Snyder’s mother, Kari Snyder, also believes the most important thing right now is to provide counseling for the students and to develop what she called “emotional intelligence skills” through face-to-face and physical interaction.

“I think it would be good for them to state how they're going to feel safe, and what the school can do to make you feel even more safe. They need to be told, ‘Safety is our highest priority. You're here with us, you’re family, and we want you to feel safe. And we'll do everything that it takes to make sure that this gets better. Because you are our family.

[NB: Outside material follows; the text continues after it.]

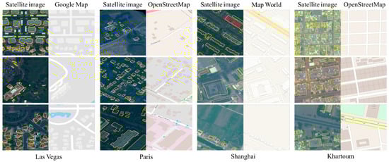 Besides the multispectral satellite imagery, we also used several public GIS map datasets as the auxiliary data for our proposed method because of the extra useful information they provide for building footprint extractions. Contrary to previous studies that used single-source auxiliary GIS data, we selected the map dataset with the most abundant information from several public GIS map datasets for each city. For Las Vegas, we selected the Google Maps dataset [59], which contains more information than the OpenStreetMap [58]. For Paris, we selected the popular OpenStreetMap dataset because of its abundant information. For Shanghai, we selected the MapWorld dataset [60] because it contains abundant information on buildings and there is no coordinate shifting between that dataset and the satellite imagery. For Khartoum, we selected the OpenStreetMap dataset, which is slightly more informative than the Google Maps dataset but still lacks building information for most areas. All of the map datasets were collected in a raster image format, according to the geospatial information of their corresponding satellite images (i.e., longitude, latitude, and spatial resolution) and resized into 650 × 650 pixels for further integration with the satellite imagery. Examples of the multi-source GIS map images and corresponding satellite images can be found in Figure 1.

When you're here, you are our children,” she said.

With more than 1,600 students, Montgomery High School is the second-largest school in Santa Rosa and in need of major repairs, according to a report published by The Press Democrat last week.

The school, built in 1958, has exposed wires hanging from the rafters in hallways; wooden skirting around the foundation of old portable classrooms is rotting; and students often must wait to get home to go to the bathroom because the ones at the school are foul smelling and there aren't enough available, according to students who spoke to the newspaper.

Lisa Cavin, associate superintendent of business services for the Santa Rosa City Schools District, told the newspaper the district hasn't had the funds for some projects over the years and that constant vandalism diverts money.

The Sonoma County District Attorney's Office did not immediately have a comment Thursday about the potential filing of charges.